The present method involves electrodeposition of one or more catalytic metal(s) or a catalytic-metal/polytetra-fluoroethylene nanocomposite on an alumina nanotemplate. The alumina nanotemplate is then dissolved, leaving the desired metal or metal/polytetrafluoro-ethylene-composite catalyst layer. Unlike some prior methods of making fine metal catalysts, this method does not involve processing at elevated temperature; all processing can be done at room temperature. In addition, this method involves fewer steps and is more amenable to scaling up for mass production.
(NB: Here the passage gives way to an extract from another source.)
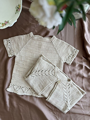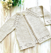 Clara Cardigan is a delicate top-down cardigan designed for babies and children, featuring elegant lace raglan panels and a softly flared A-line body.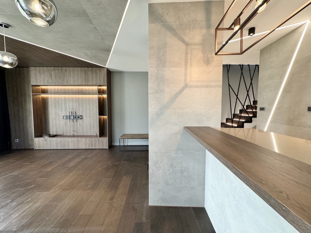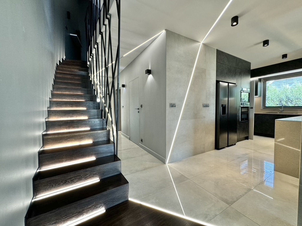 W lokalu bardzo dużo nowoczesnych elementów np. metaloplastyka czy oświetlenie, które stanowią np. listwy ledowe pod schodami, na ścianach i sufitach, a także oświetlenie punktowe.

Alumina nanotemplates are porous alumina membranes that have been fabricated, variously, by anodizing either pure aluminum or aluminum that has been deposited on silicon by electron-beam evaporation. The diameters of the pores (7 to 300 nm), areal densities of pores (as much as 7 × 1010 cm–2), and lengths of pores (up to about 100 nm) can be tailored by selection of fabrication conditions.
In a given case, the catalytic metal, catalytic metal alloy, or catalytic-metal/ polytetrafluoroethylene composite is electrodeposited in the pores of the alumina nanotemplate. The dimensions of the pores, together with the electrodeposition conditions, determine the sizes and surface areas of the catalytic particles. Hence, the small features and large surface areas of the porosity translate to the desired small particle size and large surface area of the catalyst (see figure).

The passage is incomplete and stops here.